This work addresses the phase dependence and difficulty in optimizing execution time inherent in Dynamic Movement Primitives (DMPs), caused by the coupling of task geometry and temporal dynamics. To resolve this, we propose Geometric DMPs (GDMPs), the first DMP formulation achieving full decoupling of task-space path geometry from timing via arc-length parameterization—thereby endowing DMPs with phase independence. Methodologically, GDMPs employ a spatial sampling algorithm ensuring complete separation of path and velocity profiles, integrate minimum-time optimization under kinematic constraints, and embed a human–robot collaborative control framework. We formally prove passivity and empirically verify stability. In peg-in-hole tasks, GDMPs outperform conventional DMPs: enabling phase-invariant trajectory reproduction and optimization, generating shortest-duration trajectories satisfying velocity and acceleration limits, and ensuring both safety and real-time responsiveness during physical human–robot interaction.

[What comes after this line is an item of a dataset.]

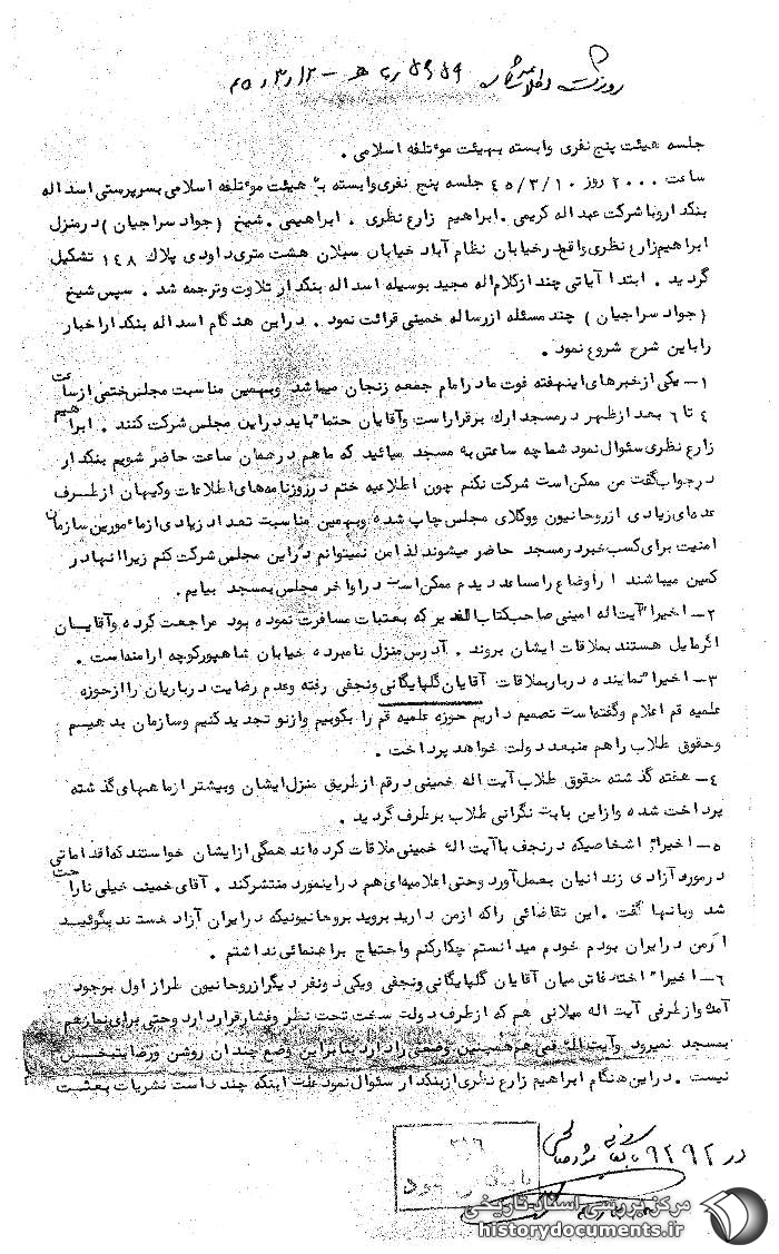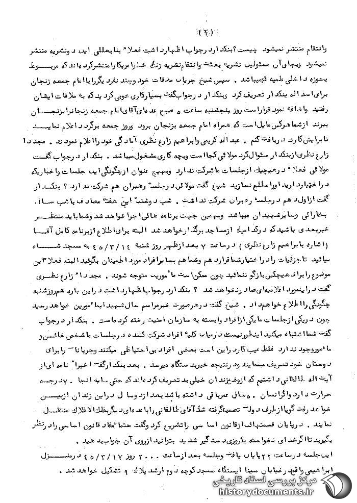 این جلسه در ساعت 22 پایان یافت و جلسه بعد از ساعت 2000 روز 17 /3 /45 در منزل

Dynamic Movement Primitives (DMP) are an established and efficient method for encoding robotic tasks that require adaptation based on reference motions. Typically, the nominal trajectory is obtained through Programming by Demonstration (PbD), where the robot learns a task via kinesthetic guidance and reproduces it in terms of both geometric path and timing law. Modifying the duration of the execution in standard DMPs is achieved by adjusting a time constant in the model. This paper introduces a novel approach to fully decouple the geometric information of a task from its temporal information using an algorithm called spatial sampling, which allows parameterizing the demonstrated curve by its arc-length. This leads to the definition of the Geometric DMP (GDMP). The proposed spatial sampling algorithm guarantees the regularity of the demonstrated curve and ensures a consistent projection of the human force throughout the task in a human-in-the-loop scenario. GDMP exhibits phase independence, as its phase variable is no longer constrained to the demonstration's timing law, enabling a wide range of applications, including phase optimization problems and human-in-the-loop applications. Firstly, a minimum task duration optimization problem subject to velocity and acceleration constraints is formulated. The decoupling of path and speed in GDMP allows to achieve optimal time duration without violating the constraints. Secondly, GDMP is validated in a human-in-the-loop application, providing a theoretical passivity analysis and an experimental stability evaluation in co-manipulation tasks. Finally, GDMP is compared with other DMP architectures available in the literature, both for the phase optimization problem and experimentally with reference to an insertion task, showcasing the enhanced performance of GDMP with respect to other solutions.